I would change it back to a standard transom mount.

Add a JP, and shallow mind. ;D


----------



## paint it black (Nov 3, 2007)

Wow, that's weird. lol


----------



## rkmurphy (Nov 2, 2008)

> I would change it back to a standard transom mount.
> 
> Add a JP, and shallow mind.  ;D


I second that. It's an interested boat, though. Rarely see jons that big!


----------



## kershelbarfield (Aug 17, 2009)

I want to gig flounder on the sailfish flats with that boat so bad ;D


----------



## mark_gardner (Mar 18, 2009)

i have always liked the big jons, definitely a unique set up but would convert it back for sure


----------



## Ckirk57 (Sep 27, 2009)

I could never run it near as shallow as I do now if i had the engine in the rear. The only purpose of this boat is to run the flats around Ozello and Homosassa. And for that it does a great job but it is a bit of a pain to get used to.


----------



## Brett (Jul 16, 2008)

I like it just the way it's set up.
I really dig the pic with the transom lift plate mounted kicker.










As an inshore commercial work hull, shes put together
exactly as she should be, no changes necessary.


                                      

                     Welcome to the forum.


----------



## rkmurphy (Nov 2, 2008)

> I like it just the way it's set up.
> I really dig the pic with the transom lift plate mounted kicker.
> 
> 
> ...


But I can see it now...

That nice Tohatsu moved to the back on a jackplate, composite or aluminum flat floor, big poling platform from gunwale to gunwale...

Anyone else see the potential of even more than it already is?

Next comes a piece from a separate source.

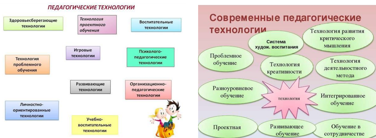
Рисунок 2, 3. Современные педагогические технологии и методы работы с детьми

В современных условиях воспитательная деятельность с детьми требует адаптации методов и технологий к специфическим потребностям образовательного процесса. Педагоги должны активно представлять детям множество разнообразных методов, ориентируясь на индивидуальные особенности каждого ребенка и направляя развитие его творческих способностей. Интерактивные методы, такие как игры и практическая деятельность, становятся особенно актуальными, поскольку они позволяют детям не

I bet it floats in spit with all of the surface area...


----------



## Brett (Jul 16, 2008)

Just to mess with RK... 

It wouldn't matter where you mounted the motor,
in any kind of chop, a flat bottom beer can is going to cavitate the prop.
That's why you use them inshore in calm, shallow water.
At planing speeds that long a hull is going to bridge the waves.
That will leave gaps under the hull, between the waves.
A gap gets to the prop and there goes the rev limiter... ;D

Ask me how I learned this little tid bit RK...


----------



## rkmurphy (Nov 2, 2008)

> Just to mess with RK...
> 
> It wouldn't matter where you mounted the motor,
> in any kind of chop, a flat bottom beer can is going to cavitate the prop.
> ...


Haha how did you learn this little tid bit, Brett? And I've learned my limits with the J16! If it ain't calm, sit on a cushion and wear a poncho ;D!


----------



## anytide (Jul 30, 2009)

reminds me of the mullet boat days, back in the 80's -rigg it like it is ,super shallow when set right--anytide-


----------



## Ckirk57 (Sep 27, 2009)

You guys have some great points! I'm interested in the composite floor, what exactly is that and where can you get it? In addition to that I am considering welding up some kind of polling platform or maybe a tower over the tunnel. I have a Miller 251 with a spool gun (aluminum welding machine) so the possibilities are endless. Any thoughts?


----------



## FSUfisher (Jul 16, 2007)

> Just to mess with RK...
> 
> It wouldn't matter where you mounted the motor,
> in any kind of chop, a flat bottom beer can is going to cavitate the prop.
> ...


Was that written in prose Brett?
This boat reminds me of the commercial oyster boats up here in the Big Bend. Pretty cool and unique for sure to see it done with aluminum!


----------



## andrewjn (Sep 25, 2009)

Cody I just realized this is your boat! I did not know you were on here.

Andrew


----------



## Capt Dan Medina (Apr 28, 2008)

I too would like to see ya hang an outboard on the back of her, but if shes working for you now, then why mess with it. Its like they say, "if it aint broke, dont fix it"


----------



## Ckirk57 (Sep 27, 2009)

Yep I saw you boat on here Andrew, you and Mike sure have some fine polling skiffs. I need to do some work on this ol girl to get her a little more up to date.


----------



## HialeahAngler (Dec 18, 2008)

cool and weird. ;D


----------